Find answers, ask questions, and share your expertise

Spark thrift server is failing to start when NN HA is enabled

avatar
Super Guru

I am facing an issue while starting Spark thrift server when NN HA is enabled. I have 2 namenodes on host1 and host2. It is starting when namenode on host1 is active and fails to start when namenode on host1 is standby. Below is the stack trace

Exception in thread "main" org.apache.spark.sql.AnalysisException: org.apache.hadoop.hive.ql.metadata.HiveException: MetaException(message:org.apache.hadoop.ipc.RemoteException(org.apache.hadoop.ipc.StandbyException): Operation category READ is not supported in state standby.

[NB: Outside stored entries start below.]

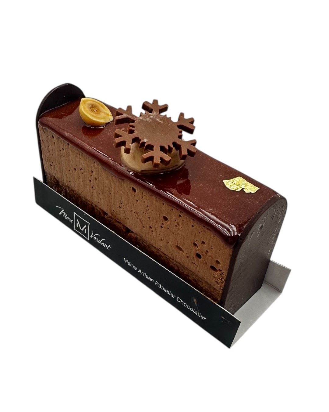 Elle révèle une mousse chocolat noir intense, profonde et enveloppante, qui impose d’emblée une élégance généreuse et parfaitement équilibrée. En son centre, un praliné croustillant au croquant irrésistible apporte relief, richesse et texture, rappelant le craquement des noisettes fraîchement cueillies.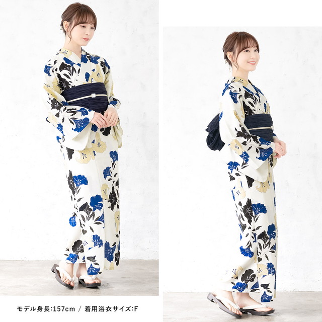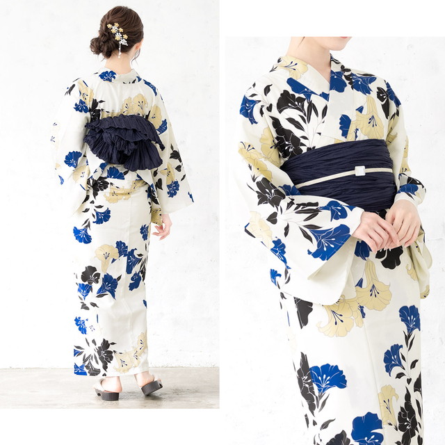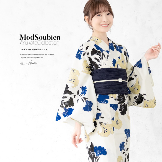 浴衣セット レディース 浴衣セット 兵児帯 大人 3点セット クリーム系 青 黒 紺 帯 百合 ゆり 花 夏 花火大会 モダン Sサイズ フリーサイズ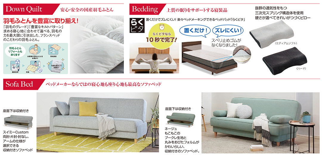 ライフスタイルに合わせて、豊富なバリエーションからお選びいただける新登場のベッド「グランディ」シリーズもお買得に、いち早く展示出品!

Visit https://s.apache.org/sbnn-error
        at org.apache.hadoop.hdfs.server.namenode.ha.StandbyState.checkOperation(StandbyState.java:88)
        at org.apache.hadoop.hdfs.server.namenode.NameNode$NameNodeHAContext.checkOperation(NameNode.java:1952)
        at org.apache.hadoop.hdfs.server.namenode.FSNamesystem.checkOperation(FSNamesystem.java:1423)
        at org.apache.hadoop.hdfs.server.namenode.FSNamesystem.getFileInfo(FSNamesystem.java:3085)
        at org.apache.hadoop.hdfs.server.namenode.NameNodeRpcServer.getFileInfo(NameNodeRpcServer.java:1154)
        at org.apache.hadoop.hdfs.protocolPB.ClientNamenodeProtocolServerSideTranslatorPB.getFileInfo(ClientNamenodeProtocolServerSideTranslatorPB.java:966)
        at org.apache.hadoop.hdfs.protocol.proto.ClientNamenodeProtocolProtos$ClientNamenodeProtocol$2.callBlockingMethod(ClientNamenodeProtocolProtos.java)
        at org.apache.hadoop.ipc.ProtobufRpcEngine$Server$ProtoBufRpcInvoker.call(ProtobufRpcEngine.java:523)
        at org.apache.hadoop.ipc.RPC$Server.call(RPC.java:991)
        at org.apache.hadoop.ipc.Server$RpcCall.run(Server.java:872)
        at org.apache.hadoop.ipc.Server$RpcCall.run(Server.java:818)
        at java.security.AccessController.doPrivileged(Native Method)
        at javax.security.auth.Subject.doAs(Subject.java:422)
        at org.apache.hadoop.security.UserGroupInformation.doAs(UserGroupInformation.java:1688)
        at org.apache.hadoop.ipc.Server$Handler.run(Server.java:2678)
);
        at org.apache.spark.sql.hive.HiveExternalCatalog.withClient(HiveExternalCatalog.scala:106)
        at org.apache.spark.sql.hive.HiveExternalCatalog.databaseExists(HiveExternalCatalog.scala:194)
        at org.apache.spark.sql.internal.SharedState.externalCatalog$lzycompute(SharedState.scala:114)
        at org.apache.spark.sql.internal.SharedState.externalCatalog(SharedState.scala:102)
        at org.apache.spark.sql.hive.thriftserver.SparkSQLEnv$.init(SparkSQLEnv.scala:53)
        at org.apache.spark.sql.hive.thriftserver.HiveThriftServer2$.main(HiveThriftServer2.scala:79)
        at org.apache.spark.sql.hive.thriftserver.HiveThriftServer2.main(HiveThriftServer2.scala)
        at sun.reflect.NativeMethodAccessorImpl.invoke0(Native Method)
        at sun.reflect.NativeMethodAccessorImpl.invoke(NativeMethodAccessorImpl.java:62)
        at sun.reflect.DelegatingMethodAccessorImpl.invoke(DelegatingMethodAccessorImpl.java:43)
        at java.lang.reflect.Method.invoke(Method.java:498)
        at org.apache.spark.deploy.JavaMainApplication.start(SparkApplication.scala:52)
        at org.apache.spark.deploy.SparkSubmit$.org$apache$spark$deploy$SparkSubmit$runMain(SparkSubmit.scala:904)
        at org.apache.spark.deploy.SparkSubmit$.doRunMain$1(SparkSubmit.scala:198)
        at org.apache.spark.deploy.SparkSubmit$.submit(SparkSubmit.scala:228)
        at org.apache.spark.deploy.SparkSubmit$.main(SparkSubmit.scala:137)
        at org.apache.spark.deploy.SparkSubmit.main(SparkSubmit.scala)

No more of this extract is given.